One of my favourite genres is the “killer virus” milieu. Let's face it, there's nothing quite as scary as a disease that kills lots and lots of people, even if it can be stopped by Dustin Hoffman (Outbreak), immunity among the upper middle classes (Survivors) or talking to it (The Burning Zone).
Just have a think about their close cousin, the zombie movie, even the funny ones (Shaun of the Dead, Zombi Holocaust), and it won't be long before the idea of some tiny little thing inside you that you can't do anything to stop from killing you really does start to get upsetting.
So, for this and because it's going to take me a while to scribble up lots and lots about Manhunter, I'm starting the long-promised “movies you should own” (aka “I've got it on DVD and you should to”) feature of this 'ere blog with a shortish chat about The Satan Bug, probably the first proper entry in the killer virus canon.
Here are the creepy opening titles:
Creepy, huh, and the movie hasn't even started. Incidentally, despite appearances, that's not a Saul Bass title sequence, just an imitation of one.

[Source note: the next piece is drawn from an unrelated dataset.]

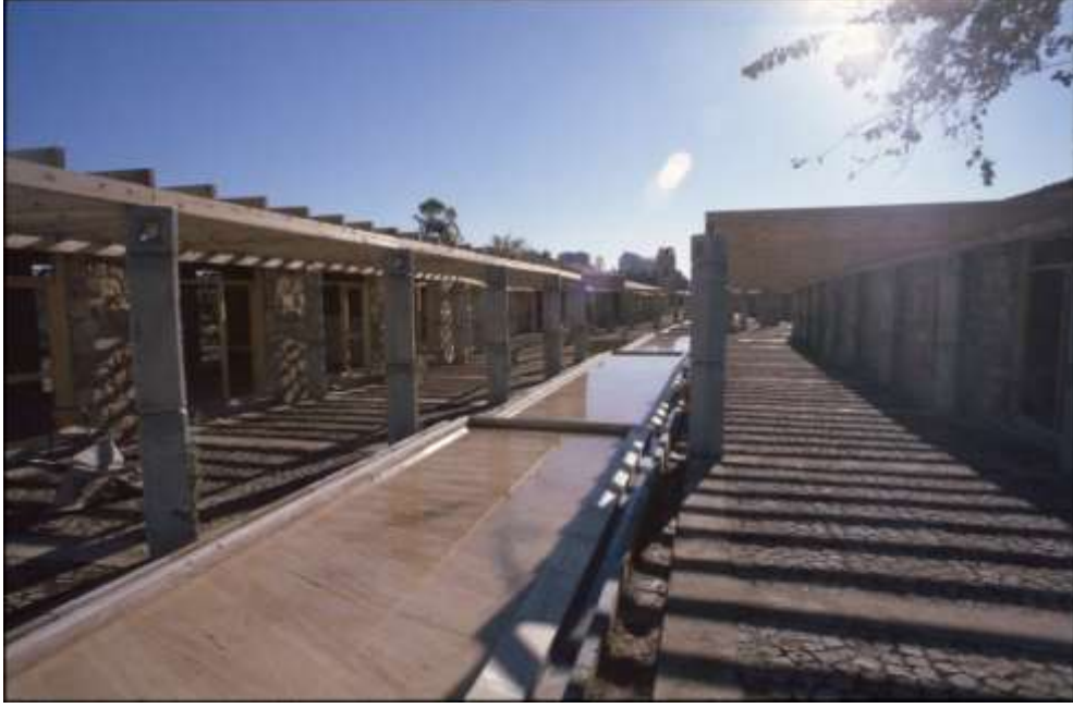
Resim 6 Su Kanalı, Olbia Sosyal Merkezi, Antalya (Bektaş, C., Salt Araştırma Arşiv) Url-1

The Satan Bug is based on a book by Alistair Maclean (writing as Ian Stuart). Now, we have few things to thank Richard Nixon for, but one of them was the outlawing of research on biological warfare (although those peskies Ruskies never bothered to stop their efforts, even if we did). But that wasn't until the early 70s and The Satan Bug was written in the mid-60s, back when research was still legal.
The book posited two things: what if a US military research laboratory managed to develop a biological weapon that could end all life on Earth (the eponymous Satan Bug); and what if someone stole it and threatened to release it?
Think about. Get creeped out. Stop thinking about it.
Now, I'm not going to pretend that it's the best movie ever made. The acting's not fabulous by anyone's standards, and its concept of high-security is radically different from anything we'd regard as secure these days.
But it's got some cracking direction from John Sturges (who directed The Magnificent Seven), an excellent cloak-and-dagger script from James Clavell (who would go on to write Shogun among other things) that manages both to embody the conventions of the time and to exceed them, and Richard Basehart (Voyage to the Bottom of the Sea) makes for a cracking villain. The fact the thief steals not just The Satan Bug, but relatively minor weapons such as Botchulinus that can only kill a few 100,000 at a time, means that there's not one big build towards the end, but little moments of terror as glass vials are uncovered in the worst of places.
It's also got a good line in music. Legendary movie composer Jerry Goldsmith was experimenting with atonal compositions, something he'd go on to perfect in Planet of the Apes: the other worldly, almost insect-like music he uses makes you feel the Satan Bug is just around the corner and is going to scuttle up your leg, even though it's a virus. It's probably one of his finest science-fiction scores, and he wrote a lot of science-fiction scores. You can still pick it up on CD.